The reason they're based on actively deployed capital isn't that the LPs (people who give VCs money to invest) want them to deploy the money in a stupid way, but they definitely don't want VCs to get the fees if the money wasn't invested. Therefore, VCs:

1. Want to raise as much money as possible 2. Want to deploy as much money as possible

Ideally, as quickly as possible.

There's nothing fraudulent about the idea of calculating VCs fees in various scenarios.

There's however the extremely dodgy part of the portfolio companies paying their investor (VC) fees for anything. This is an obvious conflict of interests, and should never happen, but I personally know of multiple VC funds here in Europe (will skip the names to not get sued, lol) who base their entire operational model on funding shitty companies that have 0 chance of success, charging them for the office space and often "shared services" they provide. Unsure if this is a regulatory overlooking, or something that's deliberately legal, but IMHO shouldn't be. Probably they talked their LPs into agreeing to this on paper.

big85 21 hours ago||
I vaguely recall a story about an employee who discovered that their company's sales department was acquiring a lot of new customers to hit some metrics, but rarely actually closing the deal. The employee spent months chasing up incomplete sales orders, and discovered that the sales department's apparent success was illusory.
akitowerns 5 hours ago||
What's striking is how long it takes to notice. The incentives to keep believing the job is real — salary, identity, colleagues — are much stronger than the incentive to question the foundation. Sunk cost at the organizational level.
rwmj 22 hours ago||
At the end of the day he wrote some software which sounds legitimate and useful. What management did without his knowledge isn't really his problem.

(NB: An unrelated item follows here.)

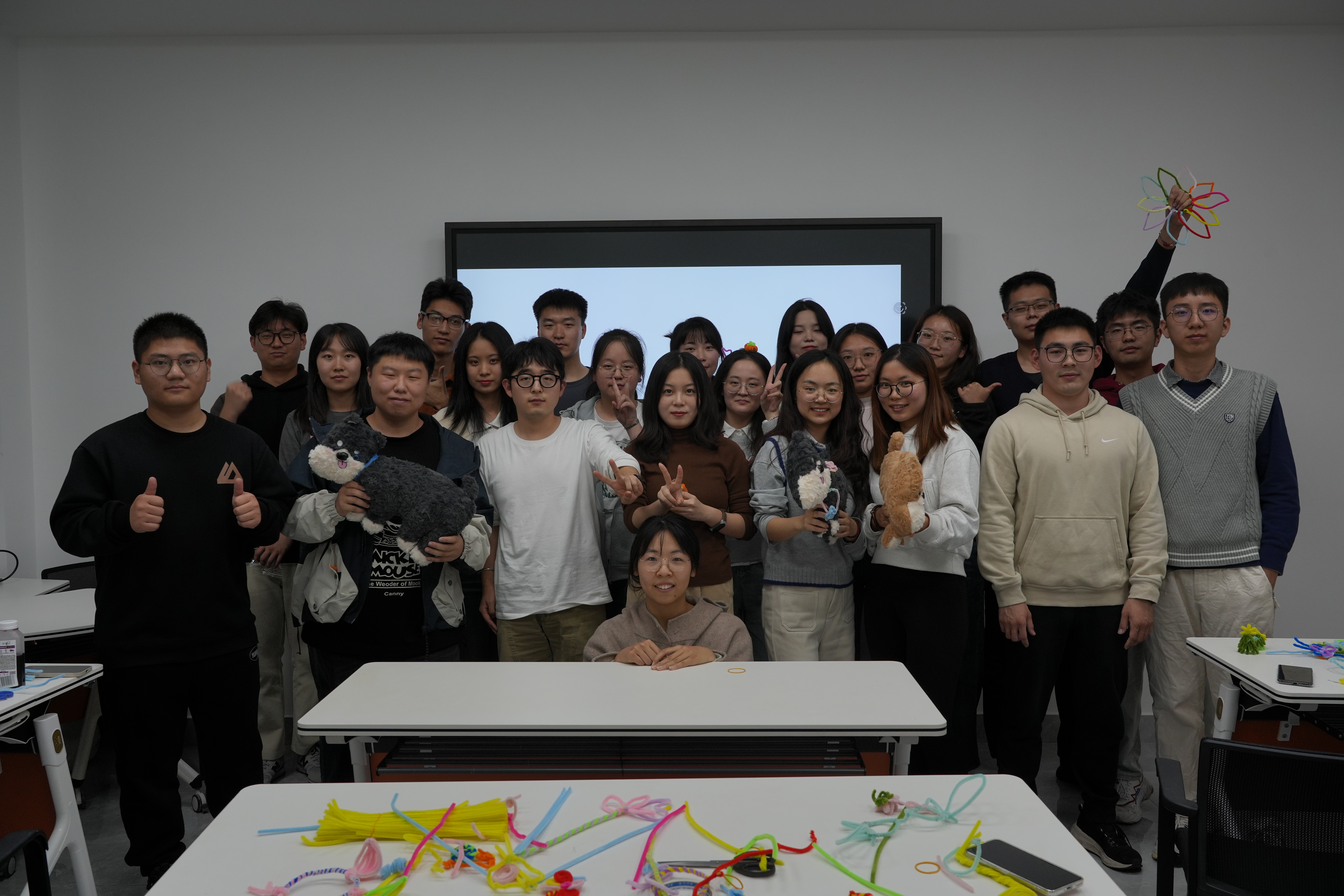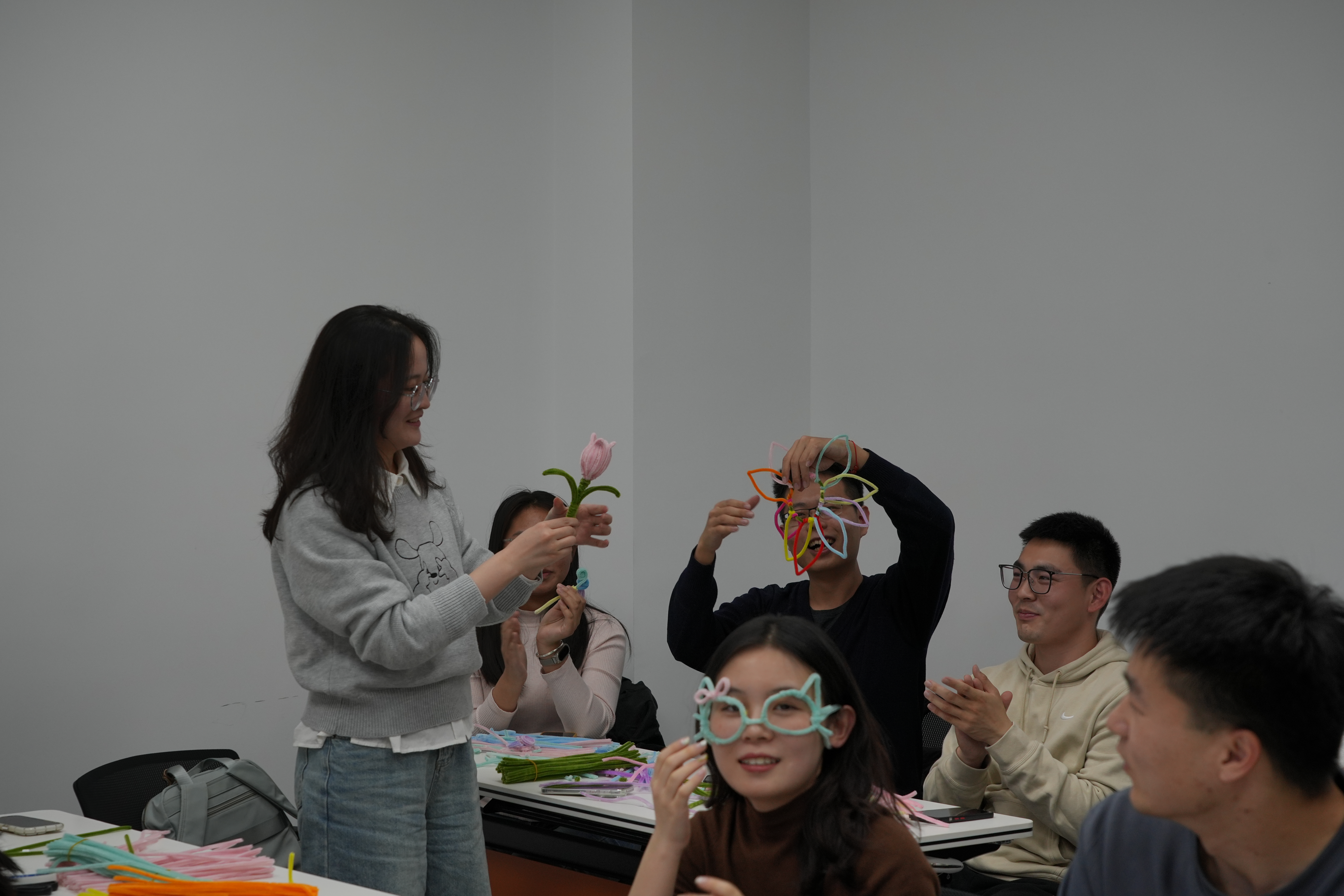 在趣味游戏结束后,进入了小组制作扭扭棒环节。主持人为每个小组分发了一些扭扭棒和制作工具,要求小组成员共同合作,发挥创意,制作出一件作品。同学们充分发挥自己的想象力和动手能力,有的小组制作了精美的花朵,有的小组制作了可爱的小动物,还有的小组制作了富有创意的装饰品。在制作过程中,小组成员们相互协作,交流想法,共同解决遇到的问题。这个环节不仅锻炼了同学们的创造力和动手能力,还进一步加深了小组内成员之间的了解和信任,培养了团队合作精神。
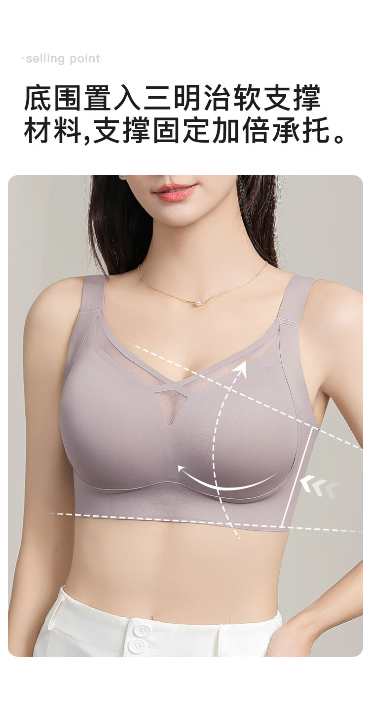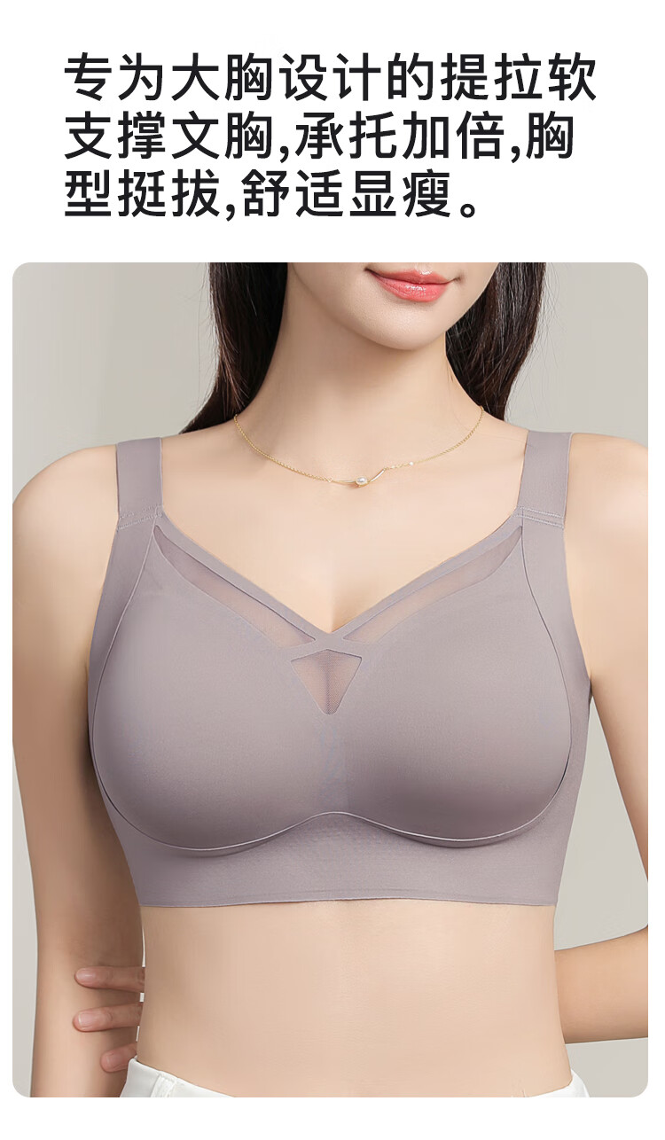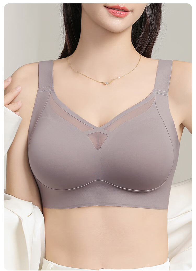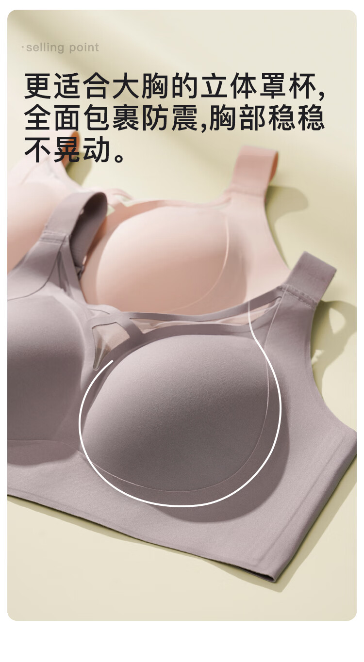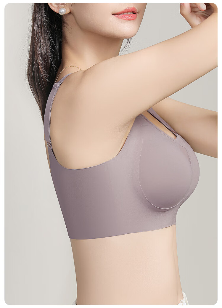 婷美无痕内衣女大胸显小胸聚拢运动无钢圈收副乳全罩杯薄款文胸罩

At the other end of this extreme is if you have a good job in a bad industry, like gambling or boiler room frauds. You should feel responsible even if your job is just maintaining the servers.

p0w3n3d 16 hours ago||
I look at everything now as a journey not a destination. When connecting one's work carrier with a bank, one must keep in mind that some other people might have joined the organisation because of quite distinct reasons than we did. So yes there might be a fraud ongoing in our company, but it's not our fault
estetlinus 14 hours ago|
Well, you did good and got paid. It all sounds very serendipitous. Isn’t like 99% of all tech fraud?